== Segment start ==

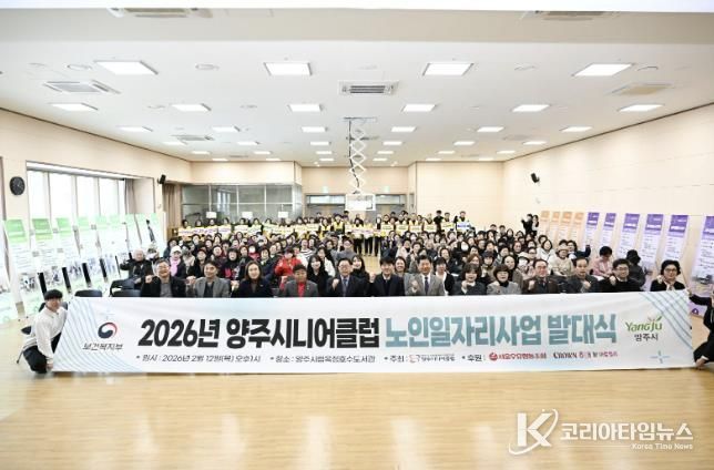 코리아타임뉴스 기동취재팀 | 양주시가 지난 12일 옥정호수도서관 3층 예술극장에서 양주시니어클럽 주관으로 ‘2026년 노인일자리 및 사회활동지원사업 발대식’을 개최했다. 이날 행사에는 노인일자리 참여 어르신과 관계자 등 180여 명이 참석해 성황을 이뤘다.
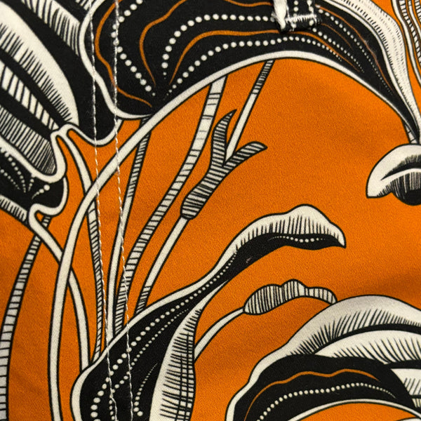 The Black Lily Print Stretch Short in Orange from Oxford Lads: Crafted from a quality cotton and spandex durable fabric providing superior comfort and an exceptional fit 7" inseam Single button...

== Segment end ==
== Segment start ==

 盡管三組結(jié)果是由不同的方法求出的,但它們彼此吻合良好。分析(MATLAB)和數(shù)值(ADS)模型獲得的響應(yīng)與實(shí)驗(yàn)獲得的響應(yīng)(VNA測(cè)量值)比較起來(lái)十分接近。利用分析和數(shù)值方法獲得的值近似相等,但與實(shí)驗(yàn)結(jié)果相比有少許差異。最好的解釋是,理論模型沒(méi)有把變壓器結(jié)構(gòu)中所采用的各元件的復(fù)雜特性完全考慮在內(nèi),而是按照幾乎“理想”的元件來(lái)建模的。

== Segment end ==
== Segment start ==

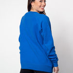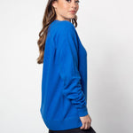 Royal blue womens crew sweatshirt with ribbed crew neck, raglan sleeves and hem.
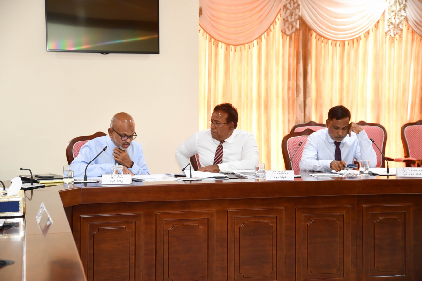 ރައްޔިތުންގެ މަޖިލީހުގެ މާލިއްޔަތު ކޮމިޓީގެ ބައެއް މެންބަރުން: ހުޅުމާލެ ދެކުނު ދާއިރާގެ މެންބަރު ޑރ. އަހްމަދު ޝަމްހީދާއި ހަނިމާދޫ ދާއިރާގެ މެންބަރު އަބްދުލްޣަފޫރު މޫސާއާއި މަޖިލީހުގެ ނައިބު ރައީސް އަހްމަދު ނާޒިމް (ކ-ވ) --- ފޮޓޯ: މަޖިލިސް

== Segment end ==

→ What this task involves
Print exactly the lines above that run from the one with "코리아타임뉴스 기동취재팀 |" to the one with "The Black Lily", both included. No pictures.

→ Response area
 코리아타임뉴스 기동취재팀 | 양주시가 지난 12일 옥정호수도서관 3층 예술극장에서 양주시니어클럽 주관으로 ‘2026년 노인일자리 및 사회활동지원사업 발대식’을 개최했다. 이날 행사에는 노인일자리 참여 어르신과 관계자 등 180여 명이 참석해 성황을 이뤘다.
 The Black Lily Print Stretch Short in Orange from Oxford Lads: Crafted from a quality cotton and spandex durable fabric providing superior comfort and an exceptional fit 7" inseam Single button...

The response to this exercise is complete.